(EXERCISE DETAILS)
Write the full listing out again, word for word, but omit the pictures.

*** MATERIAL SUPPLIED

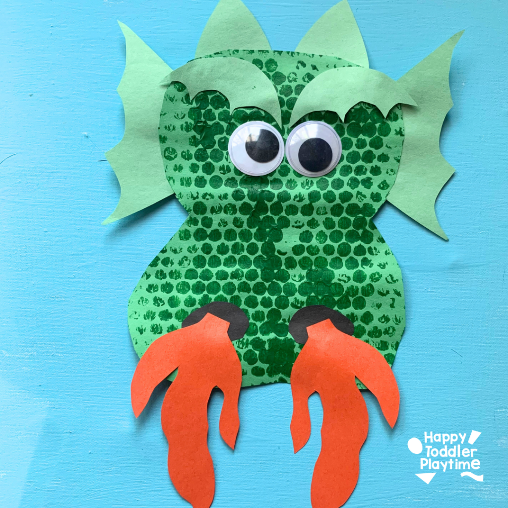 Dip bubble wrap in paint and press it onto the dragon cutout for a textured look. Cut out and glue onears, horns, eye brown and nostrils and flame.
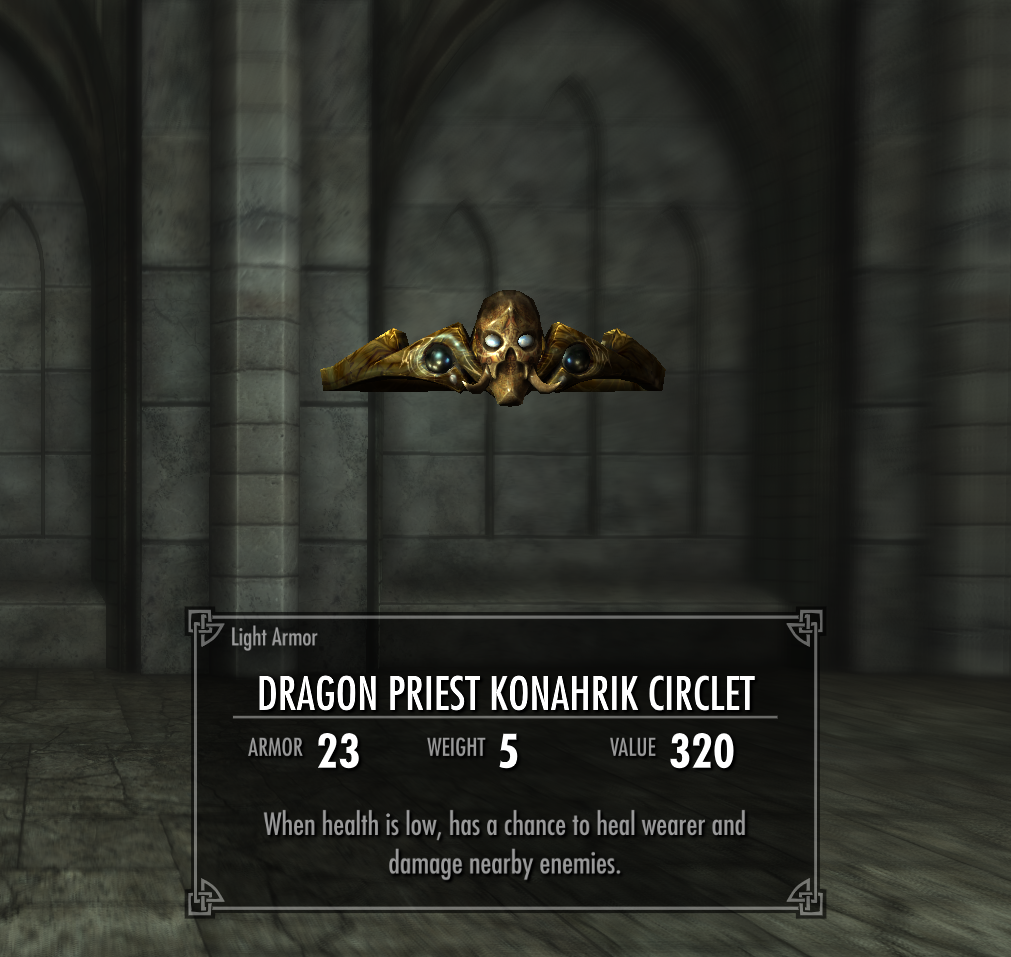 Этот мод делает вот что. Когда вы убиваете Драконьего Жреца и снимаете с него маску, то вместе с ней вы получаете обруч с такой же силой, что и у маски.
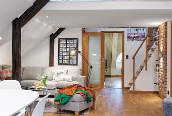 Hay tantos detalles interesantes en este dúplex de 85 m² en total, que no sabe uno donde mirar. Desde la distribución del espacio y los juegos de alturas en cada habitación, a los trozos de pared de ladrillo visto, las ventanas en arco, las vigas de madera que van del suelo al techo o los funcionales tragaluces. Todo está perfectamente encajado, si miramos el plano vemos que no hay ni un centímetro cuadrado desaprovechado, toda la planta es habitable y en lo que concierne a la decoración a pesar de la mezcla de objetos y texturas, hay armonía.
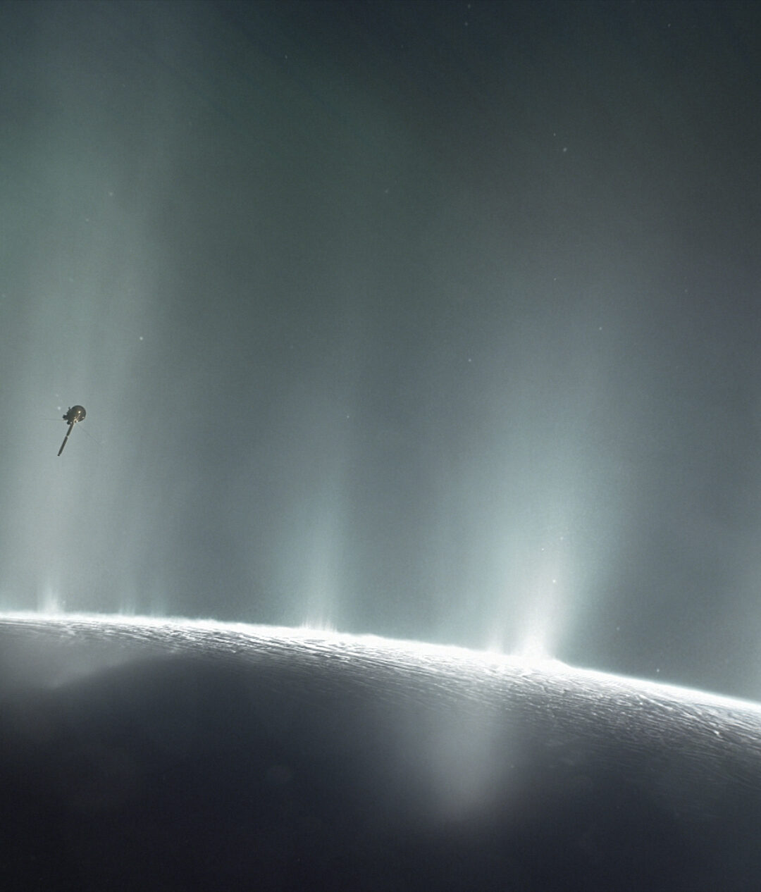 A lone spacecraft silhouette glides over the shadowed surface of a celestial body, with towering light beams erupting from the glowing horizon into black space. High contrast and a faint green tint amplify the sense of solitary deep-space exploration.
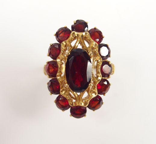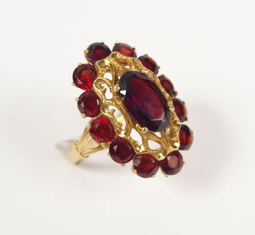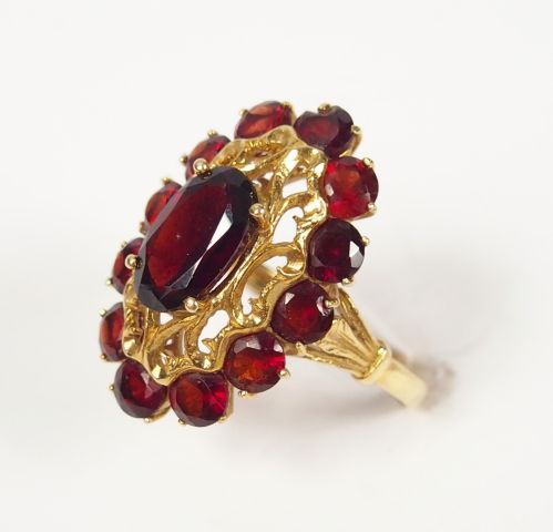Bague Napoléon III en or jaune, ornée en son centre d'un grenat taille ovale entouré de 12 grenats taille brillant. TDD 57,5 Poids tel: 6,4gr
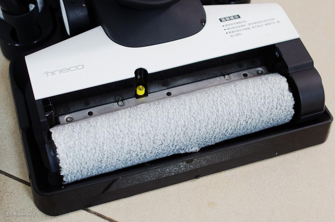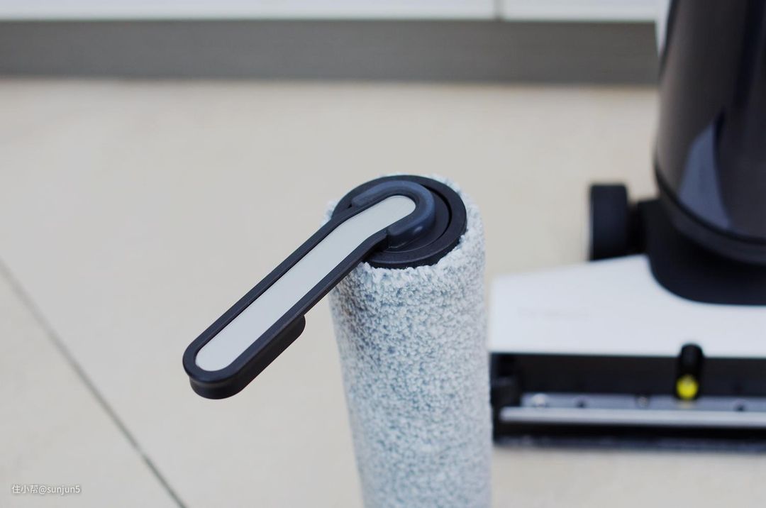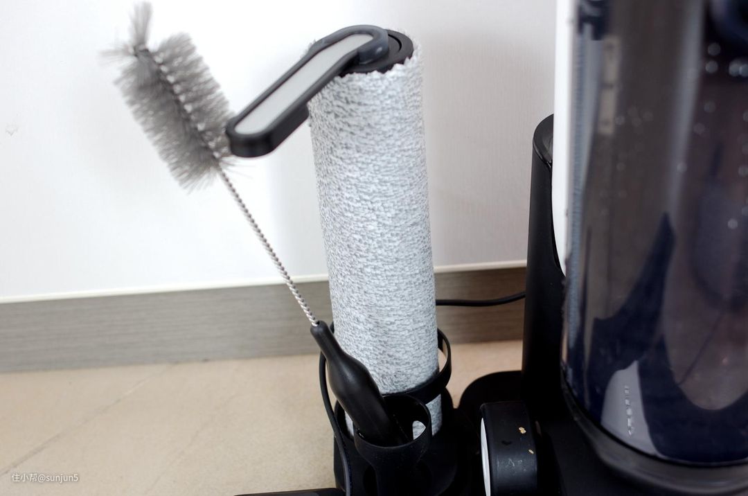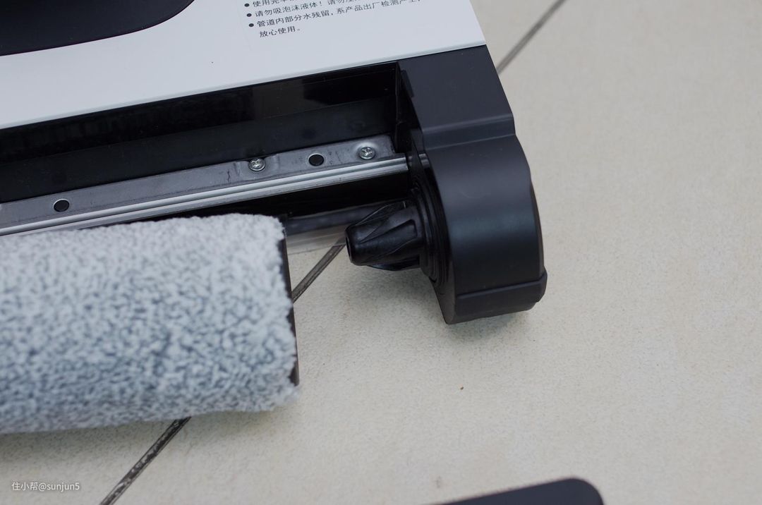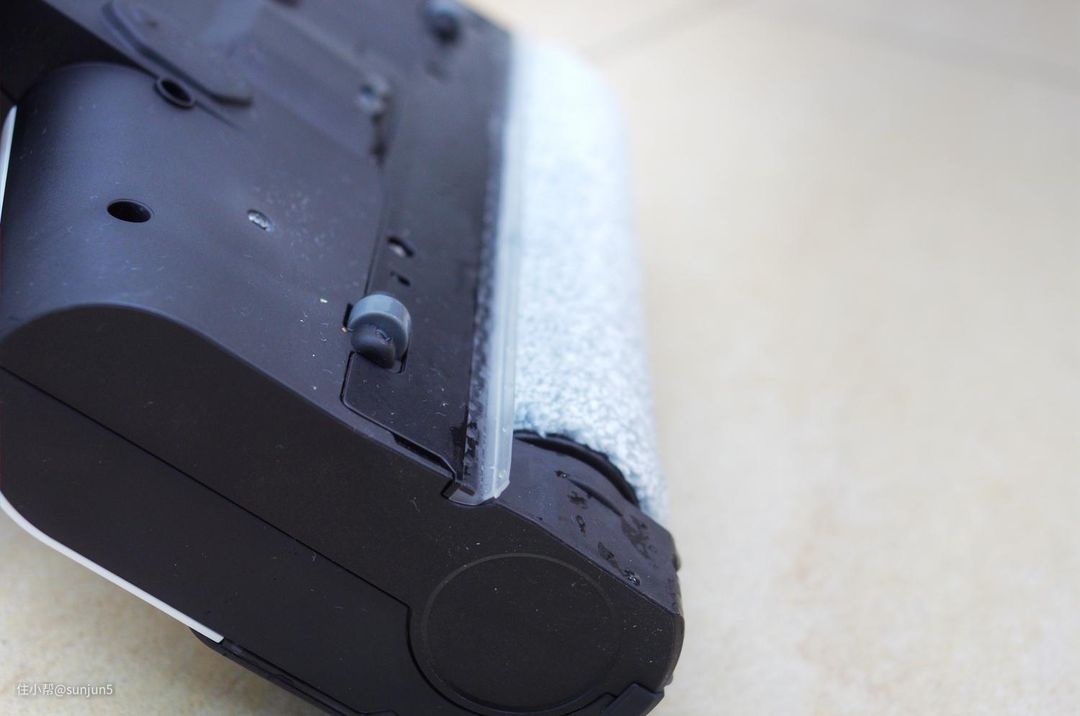 第二个是滚刷采用了偏置设计,使得滚刷工作的时候可以紧贴墙角,与前代和其他洗地机相比,大幅减少了工作盲区。

******

(SOLUTION)
 Dip bubble wrap in paint and press it onto the dragon cutout for a textured look. Cut out and glue onears, horns, eye brown and nostrils and flame.
 Этот мод делает вот что. Когда вы убиваете Драконьего Жреца и снимаете с него маску, то вместе с ней вы получаете обруч с такой же силой, что и у маски.
 Hay tantos detalles interesantes en este dúplex de 85 m² en total, que no sabe uno donde mirar. Desde la distribución del espacio y los juegos de alturas en cada habitación, a los trozos de pared de ladrillo visto, las ventanas en arco, las vigas de madera que van del suelo al techo o los funcionales tragaluces. Todo está perfectamente encajado, si miramos el plano vemos que no hay ni un centímetro cuadrado desaprovechado, toda la planta es habitable y en lo que concierne a la decoración a pesar de la mezcla de objetos y texturas, hay armonía.
 A lone spacecraft silhouette glides over the shadowed surface of a celestial body, with towering light beams erupting from the glowing horizon into black space. High contrast and a faint green tint amplify the sense of solitary deep-space exploration.
Bague Napoléon III en or jaune, ornée en son centre d'un grenat taille ovale entouré de 12 grenats taille brillant. TDD 57,5 Poids tel: 6,4gr
 第二个是滚刷采用了偏置设计,使得滚刷工作的时候可以紧贴墙角,与前代和其他洗地机相比,大幅减少了工作盲区。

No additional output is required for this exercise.